In der Fachschaft sollten immer mindestens zwei Seitenadministratoren vorhanden sein, damit wenn jemand ausfällt oder keine Lust hat, jemand anders immer noch als Ansprechpartner zur Verfügung steht. Grundsätzlich gilt: Wer regelmäßig aktiv mitarbeitet und vertrauenswürdig ist, sollte einen Administratorenaccount bekommen. Dadurch ist gesichert, dass immer irgendjemand da ist, der „was machen“ kann.

Wenn ein Benutzer aus der Fachschaft ausscheidet, sollte man ihm seine Benutzerrechte wegnehmen. Dazu sollte man nicht den Benutzer löschen, sondern ihn auf „Abonnent“ umstellen (der darf auch nichts machen außer lesen). Überhaupt sollte man nie einen Benutzer löschen. Tut man das, verschwinden nämlich seine Artikel mit ihm – und das ist für Sitzungsprotokolle z.B. sehr unpraktisch.

Updates

Der zweite Grund, warum wir immer ein paar Administratoren brauchen, sind Updates. Updates sind zum einen technische Verbesserungen, zum anderen Sicherheitsupdates. Während uns technische Verbesserungen (weitgehend) egal sein können, sind Sicherheitsupdates wichtig. Darum ist es wichtig, dass die WordPress-Software und die Plugins immer mal wieder aktualisiert werden, denn alte Versionen enthalten (bekannte) Sicherheitslücken, über die man die Seite für dubiose Zwecke missbrauchen könnte.

Dazu klickt man einfach in der Administrationsoberfläche auf Dashboard -> Aktualisierungen und installiert die neue Version, wenn es eine gibt (darauf wird man normalerweise auch deutlich hingewiesen).

Plugins

Plugins sind Erweiterungen, die man „installieren“ kann und die dann im Idealfall einfach so sofort funktionieren. Das klappt erfahrungsgemäß manchmal schon und manchmal nicht, aber kaputt  machen sie normalerweise nichts, denn man kann sie einfach wieder deaktivieren und hat dann den Vorher-Zustand zurück.

Plugins kann man über Plugins -> Installieren installieren.
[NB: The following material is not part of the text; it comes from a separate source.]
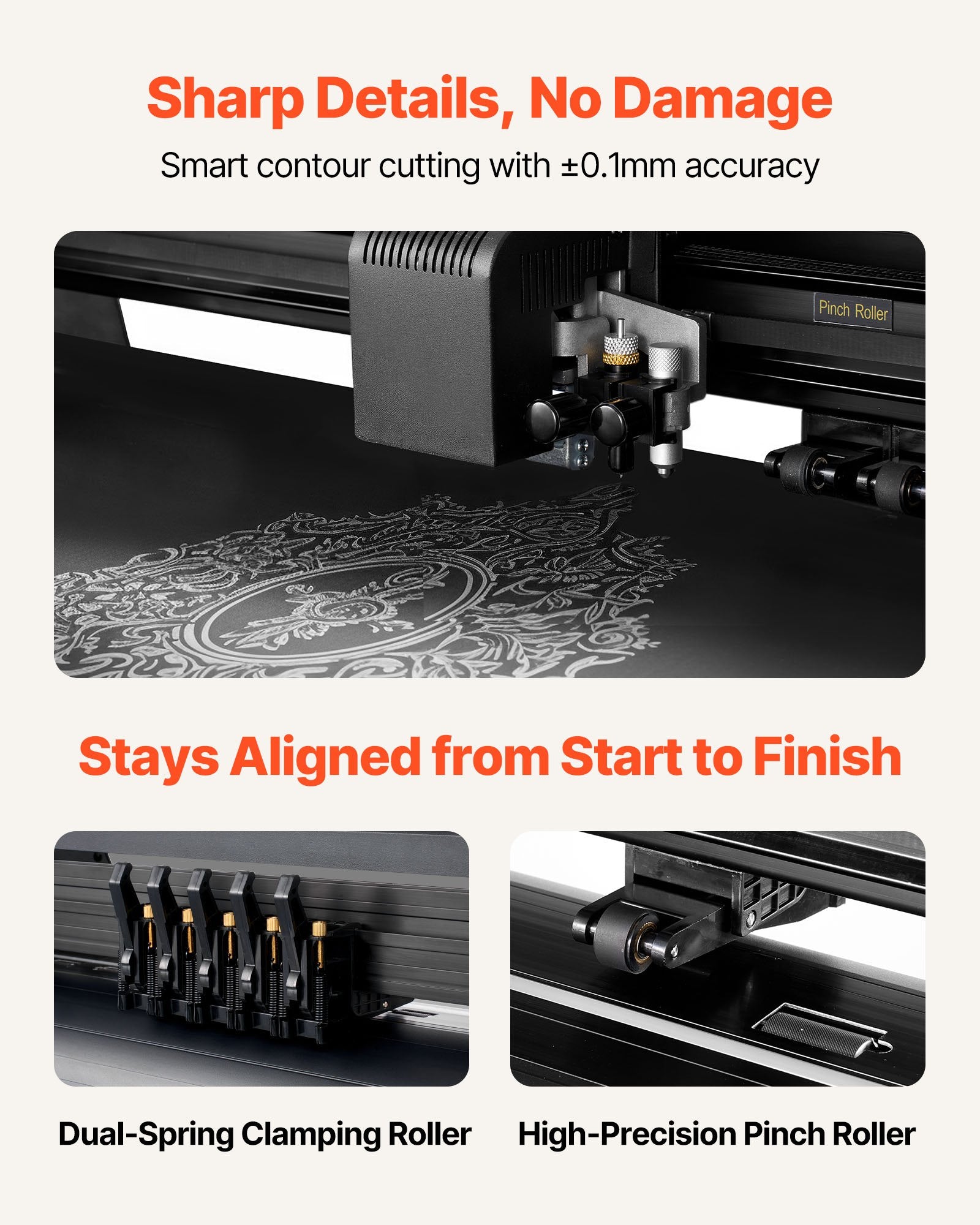 - Precise Cutting: Intelligent contour detection with ±0.1 mm accuracy and dual-spring pinch rollers keep media steady. Even during long cuts, the vinyl printer and cutter delivers exact tracking, clean edges, and flawless detail handling

Es gibt eine Unmenge an Plugins für WordPress für die unterschiedlichsten Zwecke.

Design

Das Design der Seite läuft auf Themen. Themen sind sozusagen „Designpakete“, die fertig und (einigermaßen) funktionsfähig geliefert werden. Man kann für WordPress eine Unmenge an Themen bekommen, die völlig unterschiedlich aussehen und funktionieren. Manche sind schön, manche praktisch, manche beides, und manche weder noch. Oft kann man das nur rauskriegen, wenn man es ausprobiert.

Beim Spielen mit Themes ist ein wenig Vorsicht angesagt. Es kann passieren, dass nach einem Theme-Wechsel bestimmte Sachen nicht mehr funktionieren (Menüs verschwinden, Kopfzeilenbilder gehen flöten, man findet etliche Dinge nicht mehr etc). Meistens kann man das mit ein wenig Suchen und Reparieren beheben. Wenn nicht, sollte man lieber auf das alte Thema zurückwechseln.

Themenwechsel sind ein größerer Eingriff, aber außer dem Design kann man nicht viel kaputt machen. Und das kann man notfalls wiederherstellen. Es sieht normalerweise nach einem Themenwechsel erstmal recht wüst aus; hat man aber die Menüs neu erstellt und ein paar Designelemente neu eingebaut (z.B. das Kopfzeilenbild), sieht es oft schon wieder ganz akzeptabel aus.